** What to work on **
Return the listing exactly. Keep no pictures.

** Material for this task **
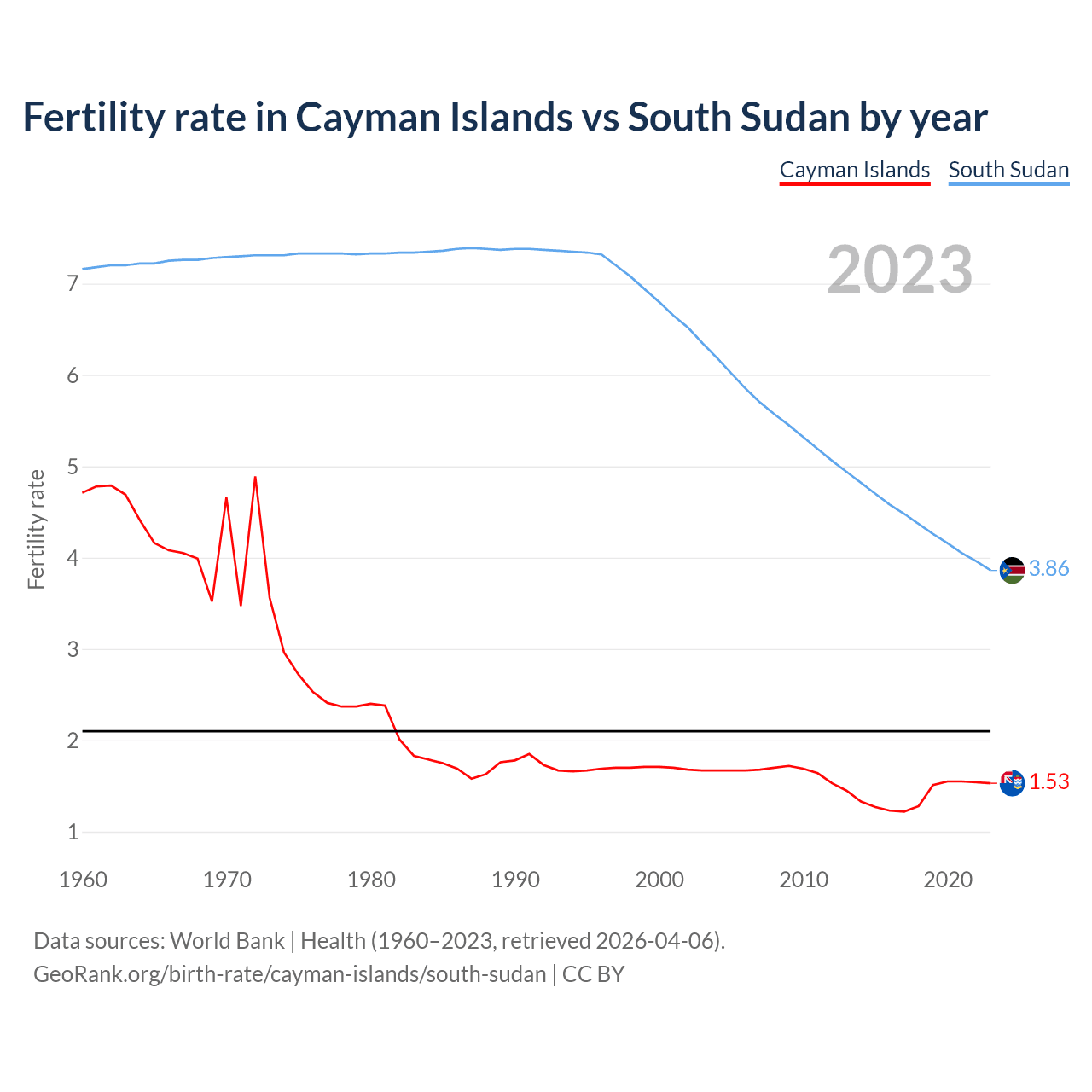 According to the latest available data on birth rates, the fertility rate in the Cayman Islands was 1.53 children per woman in 2023, compared to 3.86 in South Sudan in 2023. The replacement level is considered to be 2.1 children per woman.
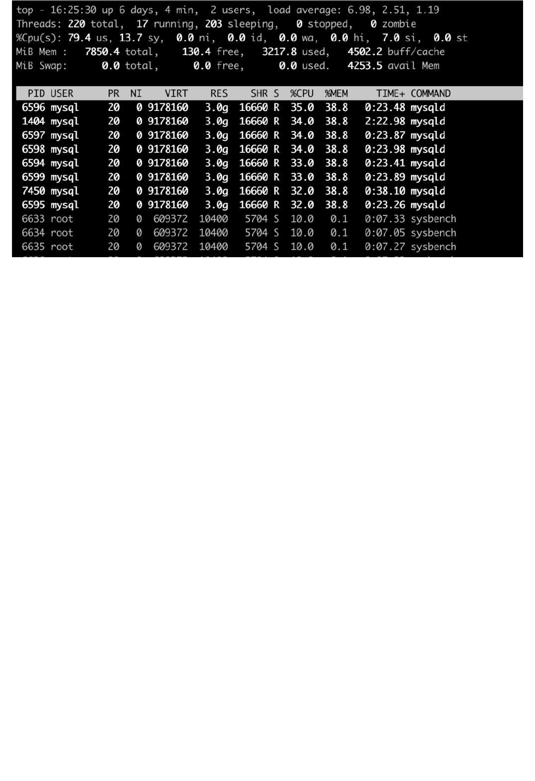 MySQL 干什么的时候,CPU 会 100%?从前文的分析来看,MySQL 主要是两类线程占用 CPU:系统线程和用
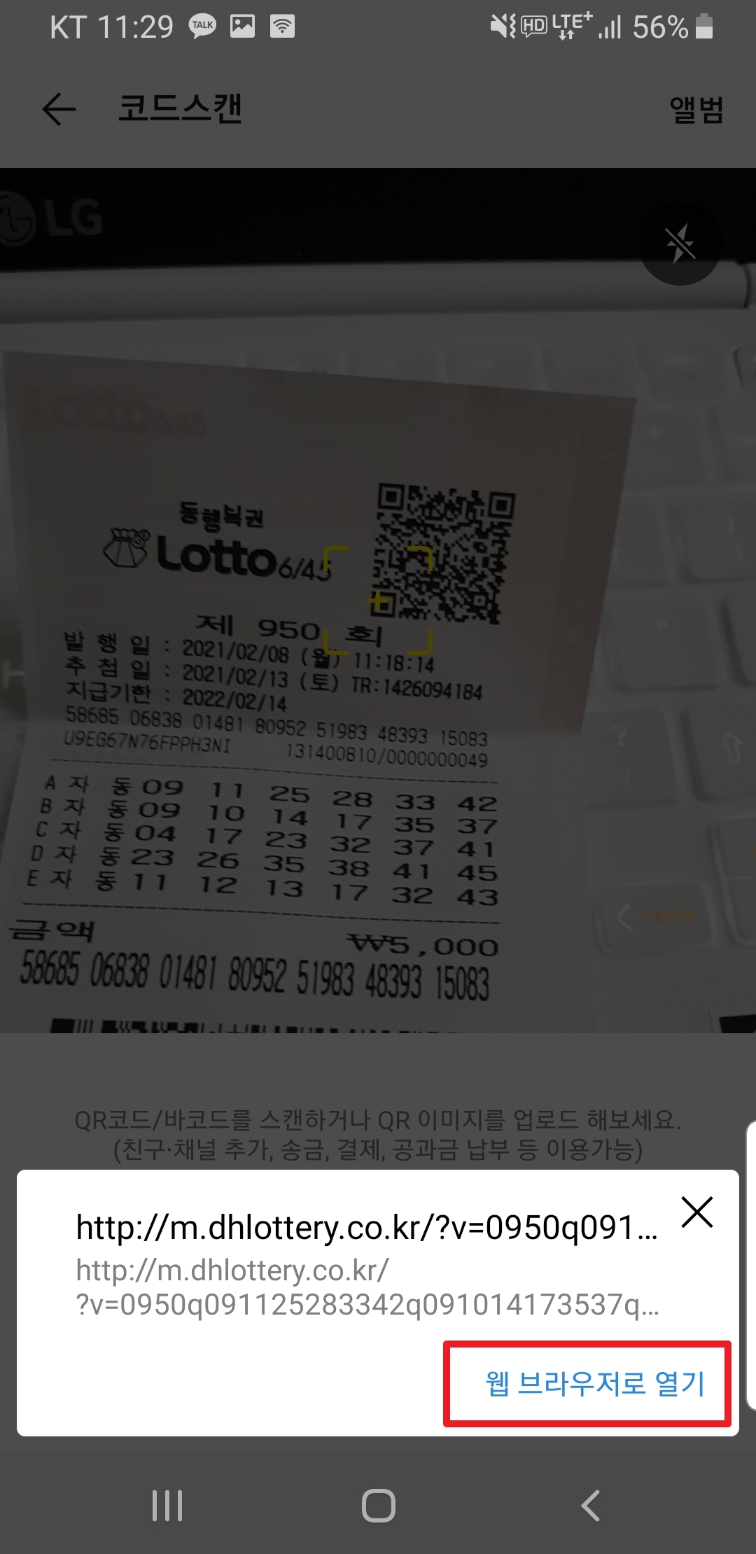 스캔이 되고나면 화면이 어두워지면서 아래쪽에 '웹 브라우저로 열기'가 나오면 클릭하면 동행복권 웹사이트로 연동되어 들어가진다.
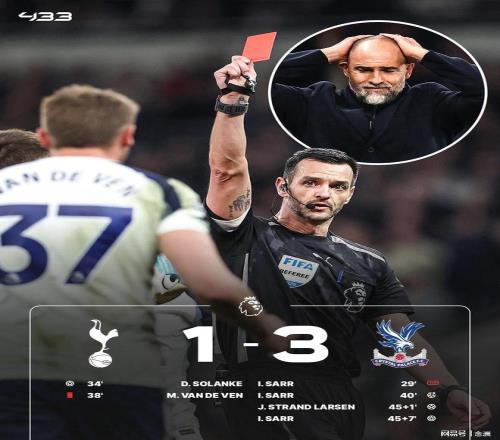 英超第29輪,熱刺主場1-3負于水晶宮,5連敗+11輪不勝,積29分僅領先降級區(qū)1分。薩爾進球被吹,索蘭克建功,范德芬送紅點,薩爾點射命中+雙響,拉爾森破門,丹索頭球攻門、索蘭克小角度射門被撲。
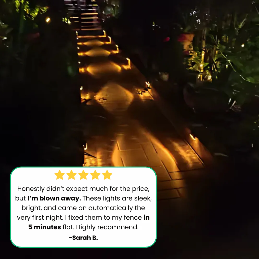Imagine coming home to a garden bathed in soft, welcoming light. Clear pathways, a safe feeling along the fence. No wires. No buttons. No stress.
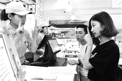 4月14日,广州“无声”面包店的收银员通过手势比划与顾客交流。这家“无声”面包店的收银员、咖啡师、西点师等17名员工均为聋哑人士,他们通过手势、卡片、写字等方式与顾客沟通,在面包店内创造属于自己的价值。(4月15日中新社)
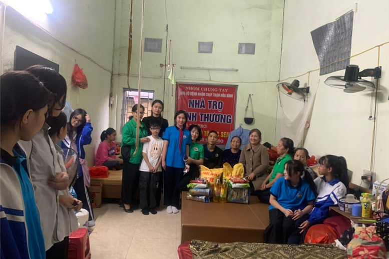 Tiếp đó, nhóm thiện nguyện còn đi thăm, tặng quà cho những bệnh nhân nghèo bị phải chạy thận lọc máu tại Bệnh viện tỉnh Hòa Bình và Bệnh viện thành phố Hòa Bình. Việc làm này đã trở thành việc làm thường xuyên, một tháng một lần CLB Thiện nguyện tổ chức thăm, tặng quà cho các bệnh nhân nghèo, khó khăn. Nhóm sẽ trao các phần quà là những nhu yếu phẩm cần thiết như: gạo, dầu ăn, gia vị, bánh, mỳ tôm…. Nguồn kinh phí của nhóm đều dựa vào việc vận động đóng góp và sự hỗ trợ của Cán bộ, giáo viên, nhân viên và bạn HS trong nhà trường. Bên cạnh đó CLB kêu gọi các nhà hảo tâm, các mạnh thường quân là phụ huynh HS ủng hộ trên tinh thần tự nguyện. Qua đó, kết nối yêu thương, giúp đỡ người nghèo, người có hoàn cảnh khó khăn, những bệnh nhân đang điều trị tại các cơ sở y tế… trên địa bàn thành phố. Đây là việc làm có ý nghĩa, đem lại niềm vui cho những mảnh đời bất hạnh, không may mắn.
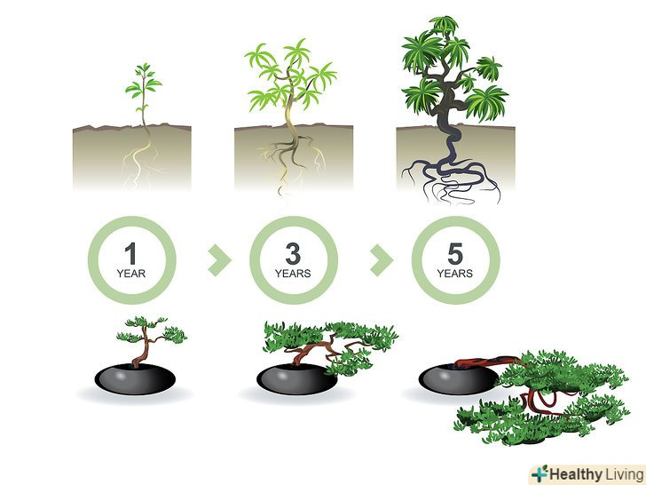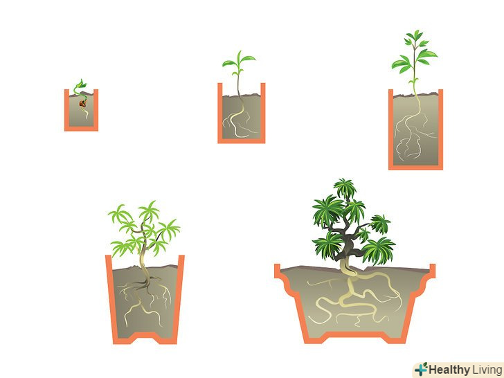 - Деякі вважають за краще вирощувати свої дерева бонсай в простих і практичних контейнерах, а потім пересаджувати їх в контейнери красивіше, коли дерево повністю виросте. Цей процес особливо зручний, якщо ваш вид бонсай дерева є крихким, так як це дозволяє вам відкласти придбання «симпатичного» горщика до моменту, поки ваше дерево не стане здоровим і красивим.
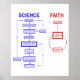 Um diagrama ilustrando os diferentes processos de pensamento por trás da ciência e da fé. Quando se descobrem novas evidências, a ciência testa-as contra teorias existentes e modifica a teoria para melhor compreender o Universo. A religião ignora evidências contraditórias num círculo infinito de ignorância.
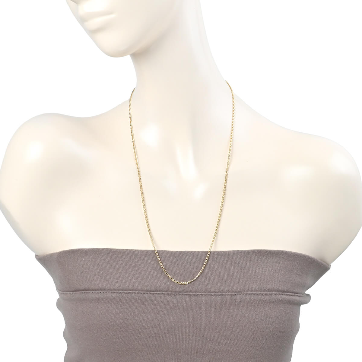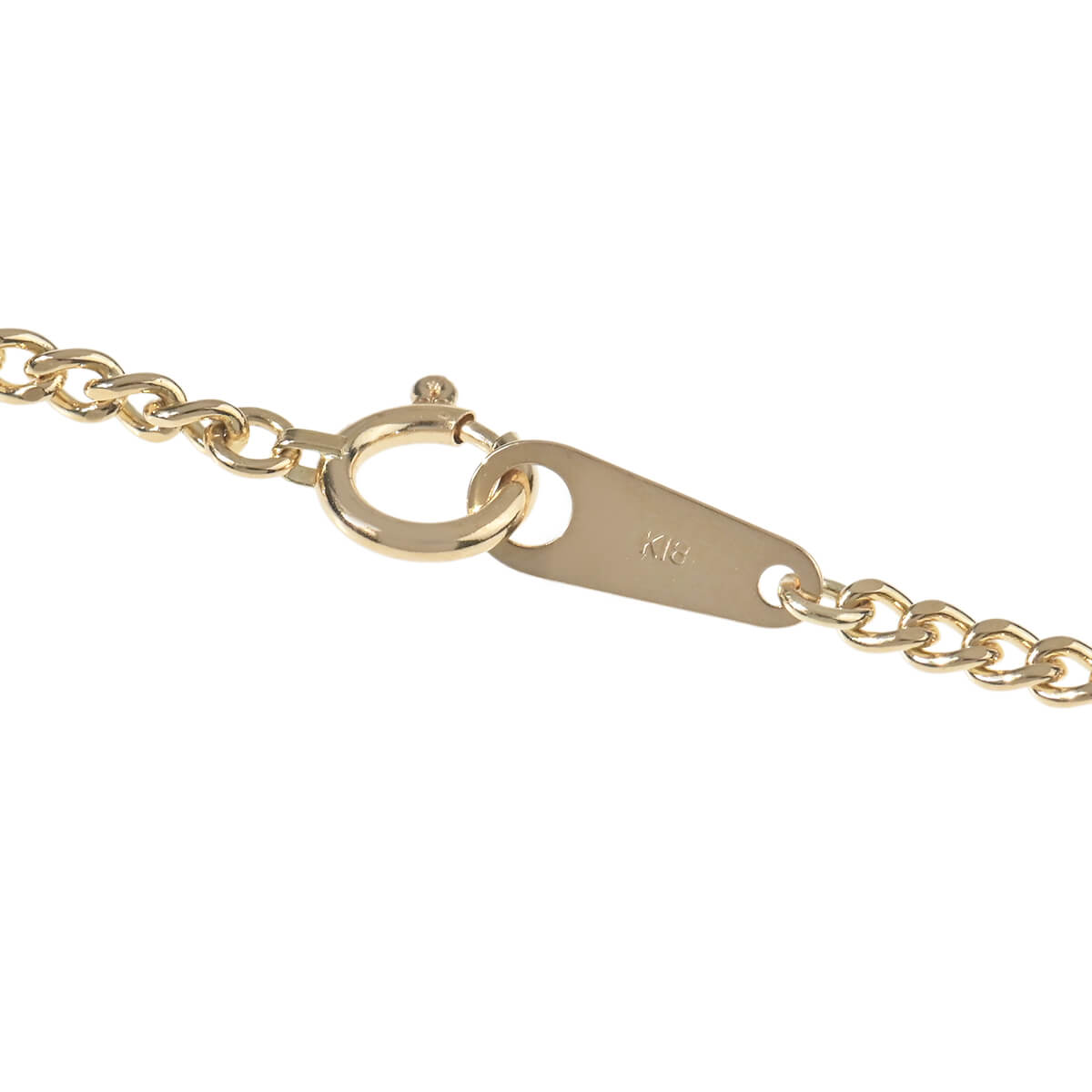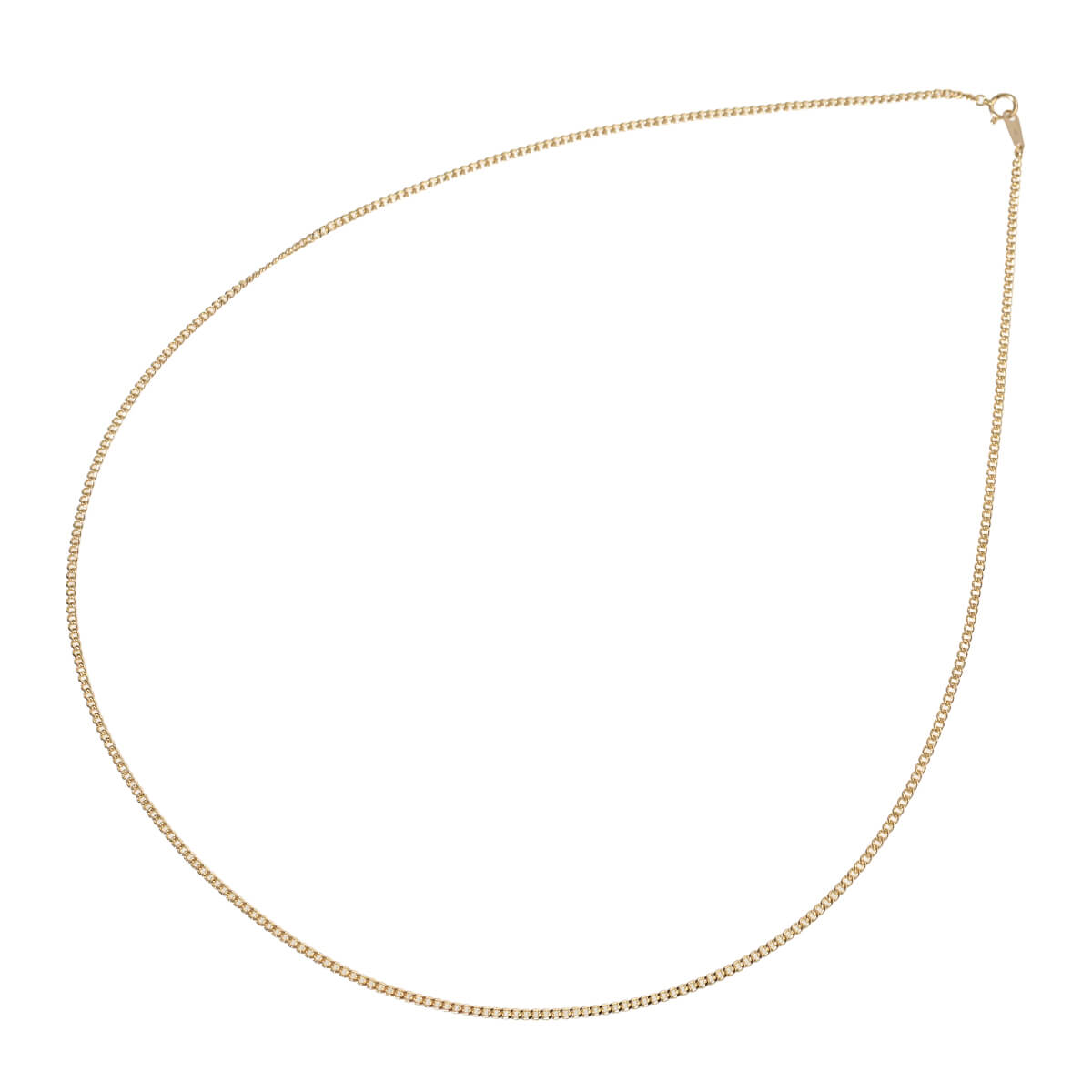 約50センチ、幅約2.5ミリ、約10グラムの、細めのイエローゴールド製2面シングルキヘイチェーンネックレス。キヘイチェーンとは、あずき型のチェーンを90度ひねり、さらに押しつぶしたつくりのデザインチェーンのこと。押しつぶした面が綺麗に並んで同じ面を向き、連続していることによるなめらかな輝きが魅力のデザインチェーンです。上下2平面にカットが施された2面シングルのキヘイチェーンは、カジュアルでスタンダードなデザイン。1本でつけるのはもちろん、ヘッドをとおしたり、レイヤードしたり、シンプルに使えるデザインが魅力。資産価値にも注目されるキヘイは他のチェーンとは違い、単なる装飾品としてだけでなく身につける資産としても人気です。

** Task answer **
 According to the latest available data on birth rates, the fertility rate in the Cayman Islands was 1.53 children per woman in 2023, compared to 3.86 in South Sudan in 2023. The replacement level is considered to be 2.1 children per woman.
 MySQL 干什么的时候,CPU 会 100%?从前文的分析来看,MySQL 主要是两类线程占用 CPU:系统线程和用
 스캔이 되고나면 화면이 어두워지면서 아래쪽에 '웹 브라우저로 열기'가 나오면 클릭하면 동행복권 웹사이트로 연동되어 들어가진다.
 英超第29輪,熱刺主場1-3負于水晶宮,5連敗+11輪不勝,積29分僅領先降級區(qū)1分。薩爾進球被吹,索蘭克建功,范德芬送紅點,薩爾點射命中+雙響,拉爾森破門,丹索頭球攻門、索蘭克小角度射門被撲。
Imagine coming home to a garden bathed in soft, welcoming light. Clear pathways, a safe feeling along the fence. No wires. No buttons. No stress.
 4月14日,广州“无声”面包店的收银员通过手势比划与顾客交流。这家“无声”面包店的收银员、咖啡师、西点师等17名员工均为聋哑人士,他们通过手势、卡片、写字等方式与顾客沟通,在面包店内创造属于自己的价值。(4月15日中新社)
 Tiếp đó, nhóm thiện nguyện còn đi thăm, tặng quà cho những bệnh nhân nghèo bị phải chạy thận lọc máu tại Bệnh viện tỉnh Hòa Bình và Bệnh viện thành phố Hòa Bình. Việc làm này đã trở thành việc làm thường xuyên, một tháng một lần CLB Thiện nguyện tổ chức thăm, tặng quà cho các bệnh nhân nghèo, khó khăn. Nhóm sẽ trao các phần quà là những nhu yếu phẩm cần thiết như: gạo, dầu ăn, gia vị, bánh, mỳ tôm…. Nguồn kinh phí của nhóm đều dựa vào việc vận động đóng góp và sự hỗ trợ của Cán bộ, giáo viên, nhân viên và bạn HS trong nhà trường. Bên cạnh đó CLB kêu gọi các nhà hảo tâm, các mạnh thường quân là phụ huynh HS ủng hộ trên tinh thần tự nguyện. Qua đó, kết nối yêu thương, giúp đỡ người nghèo, người có hoàn cảnh khó khăn, những bệnh nhân đang điều trị tại các cơ sở y tế… trên địa bàn thành phố. Đây là việc làm có ý nghĩa, đem lại niềm vui cho những mảnh đời bất hạnh, không may mắn.
 - Деякі вважають за краще вирощувати свої дерева бонсай в простих і практичних контейнерах, а потім пересаджувати їх в контейнери красивіше, коли дерево повністю виросте. Цей процес особливо зручний, якщо ваш вид бонсай дерева є крихким, так як це дозволяє вам відкласти придбання «симпатичного» горщика до моменту, поки ваше дерево не стане здоровим і красивим.
 Um diagrama ilustrando os diferentes processos de pensamento por trás da ciência e da fé. Quando se descobrem novas evidências, a ciência testa-as contra teorias existentes e modifica a teoria para melhor compreender o Universo. A religião ignora evidências contraditórias num círculo infinito de ignorância.
 約50センチ、幅約2.5ミリ、約10グラムの、細めのイエローゴールド製2面シングルキヘイチェーンネックレス。キヘイチェーンとは、あずき型のチェーンを90度ひねり、さらに押しつぶしたつくりのデザインチェーンのこと。押しつぶした面が綺麗に並んで同じ面を向き、連続していることによるなめらかな輝きが魅力のデザインチェーンです。上下2平面にカットが施された2面シングルのキヘイチェーンは、カジュアルでスタンダードなデザイン。1本でつけるのはもちろん、ヘッドをとおしたり、レイヤードしたり、シンプルに使えるデザインが魅力。資産価値にも注目されるキヘイは他のチェーンとは違い、単なる装飾品としてだけでなく身につける資産としても人気です。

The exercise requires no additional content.